Titles and abstracts were independently screened for relevance by two reviewers, and full-text articles of studies considered potentially relevant were subsequently assessed for inclusion. Disagreements at any stage of study selection were resolved through discussion and consensus, or by consultation with a third reviewer.
2.3. Data extraction and management
The data extraction process was performed by two reviewers, with one reviewer extracting the study data and a second reviewer checking the data against the original study publication. Any discrepancies were resolved through discussion. If bone marker data were presented only in a figure, we estimated values reported closest to week 13 using the plot digitizer software DigizeIt (http://www.digitizeit.de/).
2.4. Quality assessment
The methodological quality of included studies was assessed using the Cochrane Collaboration's tool for assessing risk of bias in randomized trials (Higgins et al., 2011). This process was performed by two reviewers, with one reviewer completing the initial assessment and a second reviewer checking the assessment against the original study publication; for six studies, the assessment considered additional information in the form of study protocols supplied by Amgen International (Fizazi et al., 2009; Lipton et al., 2007a; Amgen, Daiichi Sankyo, Inc, n.d.; Fizazi et al., 2011; Henry et al., 2011; Stopeck et al., 2010).

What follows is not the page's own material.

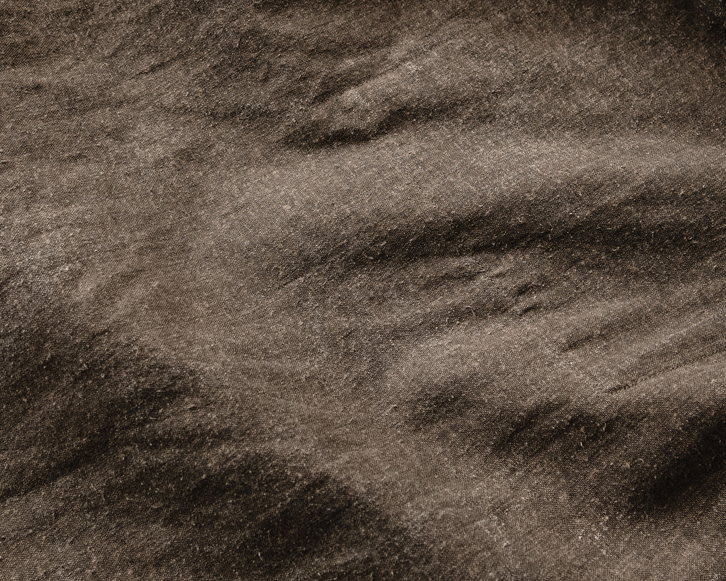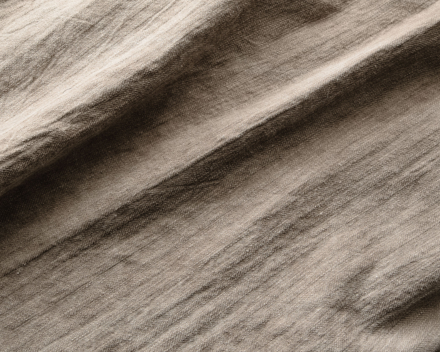 description: soft and unstructured, this very lightweight all hemp twill weave, was overdyed twice - first with an Oekotex beige color for a warm base, then a second time in natural sumi ink for overtones of charcoal and the introduction of irregularity in saturation. woven and dyed in Japan.

2.5. Data synthesis and analysis
Meta-regression analyses were used to model the relationship between uNTX and SREs. A linear regression model weighted by the inverse variance of log (HR) of SRE was used to account for differences in trial sizes. The analyses were performed with Stata version 13.1 and SAS version 9.4. The estimate of uNTX effect, corresponding 95% confidence interval (CI), P value based on t-statistics, and weighted R2 were provided. As the statistical distribution of percentage change data was likely to deviate from normality, the change from baseline in natural logarithm (ln)-transformed values of uNTx (which are expected to fit normality) was used. Owing to the monotonic transformation between log ratio and percentage change, any percentage change data available for a study were easily transformed into log ratios.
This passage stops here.